One is, the leading economic indicators are pointing up, therefore the stock market will be fine. That's flawed partly because the economic fundamentals are always rosey at the bull market tops - that's why the market got to a top. Another reason is the stock market is one of the leading economic indicators - how can leading indicators predict themselves? They can't. 
A second flawed theme I hear from talking heads is they don't see a recession in the offing, therefore stocks will be fine. Since when was predicting a recession reliable? Since never. Besides, once a recession is officially announced, stocks are already down. 

So I ignore 1. the leading economic indicators argument, and 2. the I don't see a recession on the horizon argument. Neither ever work. 

What seems to work, roughly, is low unemployment combined with rising rates: When unemployment is low and rates are rising, the odds of a bear market get higher and higher. 

There will be a rally in stocks, but my guess is it will not go to new highs as rising rates will preempt that. When the rally runs out of gas, look for a lower low. Once it gets realy really serious, its buying time again. So don't worry, be happy.


----------



## doctrine (Sep 30, 2011)

james4beach said:


> Since they all got pulled upward by stimulus, isn't it perfectly logical for them all to get dragged downward when stimulus is withdrawn?

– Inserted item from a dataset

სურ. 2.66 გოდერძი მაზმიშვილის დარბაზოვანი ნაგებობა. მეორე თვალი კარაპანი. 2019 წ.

I don't think so. While central banks have increased their rates, actual interest rates for business and governments are lower than a year ago. That means companies can borrow easier and cheaper than a year ago. Yet markets are down 20%. Despite more cheap credit available, companies may not want to take it if they fear a recession. 

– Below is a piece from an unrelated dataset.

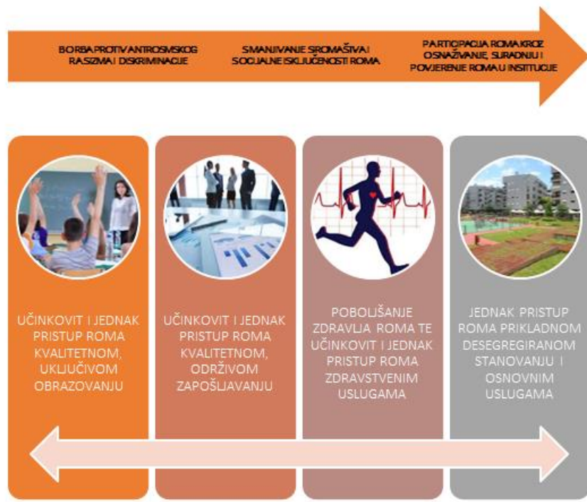
Slika 6: Ciljevi Nacionalnog plana za uključivanje Roma, za razdoblje od 2021. do 2027.

(Nacionalni plan za uključivanje Roma, za razdoblje od 2021. do 2027. godine, 2021.)

Recessions are by and large a self fulfilling prophecy. Companies will stop spending and investing and consumers will stop spending because they think there will be a recession, thus causing the recession or making it worse. A dropping stock market means nothing on its own. But typically it will drop 6-9 months before the recession actually begins. This could be a predictor, but it also just might be fulfilling its own prophecy by leading to companies and individuals to stop investing. And investors are selling the news now, ferociously.


----------



## MarcoE (May 3, 2018)

I have no idea what'll happen next year. Nobody does. All I can look at is the present. Today I see that equity ETFs are priced much more attractively than a few weeks ago. That hurts my portfolio, yes. But it also presents a great buying opportunity. I finally feel a little better about buying stocks. I spent most of 2018 putting my money toward bonds and gold, since stocks seemed so expensive. Now I intend to grab a shopping cart and browse for stocks at a discount.


----------



## MarcoE (May 3, 2018)

"The time to buy is when there's blood in the streets." -- Baron Rothschild.

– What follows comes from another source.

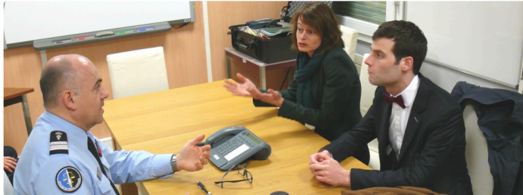
Nuit de la Saint-Sylvestre : La sécurité publique assurée

La sous-préfète de Mirande a rendu visite aux services de sécurité et de secours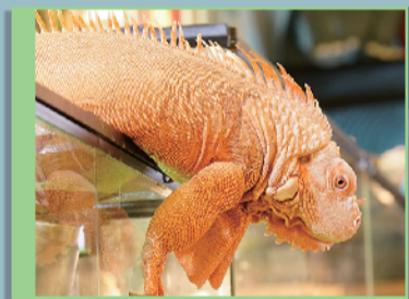
reptile cafe by turboreptiles

I'm starting to see some blood spill. Buyers should celebrate.


----------



## james4beach (Nov 15, 2012)

doctrine said:


> I don't think so. While central banks have increased their rates, actual interest rates for business and governments are lower than a year ago. That means companies can borrow easier and cheaper than a year ago. Yet markets are down 20%. Despite more cheap credit available, companies may not want to take it if they fear a recession.


Since a year ago, stocks are only down 10% which is a small movement as far as stocks are concerned. This is a very volatile asset class and +/- 10% in one year is virtually nothing, for an asset that easily moves 2% in one day.

Even with constant earnings, swings of around 25% seem completely normal to me just based on market psychology and mood (being the multiple, P/E). I don't think it's necessarily a reflection of earnings declining at all.

Stocks are naturally volatile at the whims of investor mood. Only in recent years have people come to expect very smooth and steady price increases, but stock markets have been unnaturally calm in the last few years. Historically, +/- 2% days and +/- 10% years are very normal.


----------



## jargey3000 (Jan 25, 2011)

so, it seems to me, , as always... that nobody knows what the hell is going on, or, what the hell is going to happen... Merry Xmas!


----------



## agent99 (Sep 11, 2013)

*Merry Christmas.*



jargey3000 said:


> so, it seems to me, , as always... that nobody knows what the hell is going on, or, what the hell is going to happen... Merry Xmas!


jargey, do you have data to back up your conclusions? :smilet-digitalpoint

Merry Christmas to all!


----------



## MarcoE (May 3, 2018)

“A short quiz: If you plan to eat hamburgers throughout your life and are not a cattle producer, should you wish for higher or lower prices for beef? Likewise, if you are going to buy a car from time to time but are not an auto manufacturer, should you prefer higher or lower car prices? These questions, of course, answer themselves.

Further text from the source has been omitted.